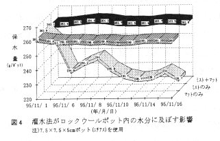 - 底面吸水式ベンチは、従来のミストのみのかん水システムに比べて、ロックウールポット内の水分が均一に管理できる(図4)。
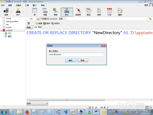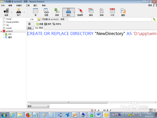 下面介绍如何使用Navicat创建oracle数据库目录的具体操作方法。
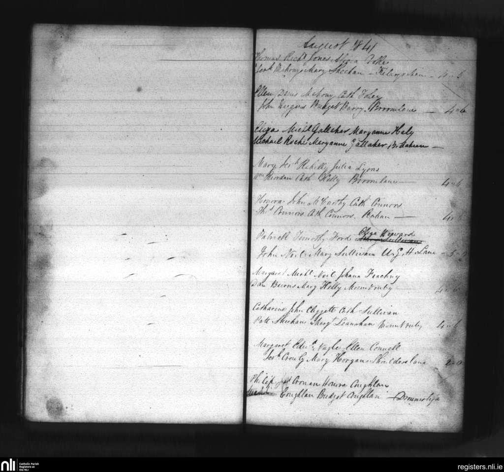 Mallow; County of Cork; Diocese of Cloyne. Baptisms, Aug. 1841
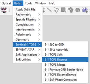 - Click Radar -> Sentinel-1 TOPS -> S-1 TOPS Deburst
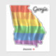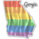 This LGBTQ pride design has an outline shape of the state Georgia with a rippling rainbow stripe flag.

» WHAT NEEDS TO BE DONE:
Extract, word for word, every line from the one holding "- Click Radar" through the closing line of the data above. Do not include any pictures.

» TASK ANSWER:
 - Click Radar -> Sentinel-1 TOPS -> S-1 TOPS Deburst
 This LGBTQ pride design has an outline shape of the state Georgia with a rippling rainbow stripe flag.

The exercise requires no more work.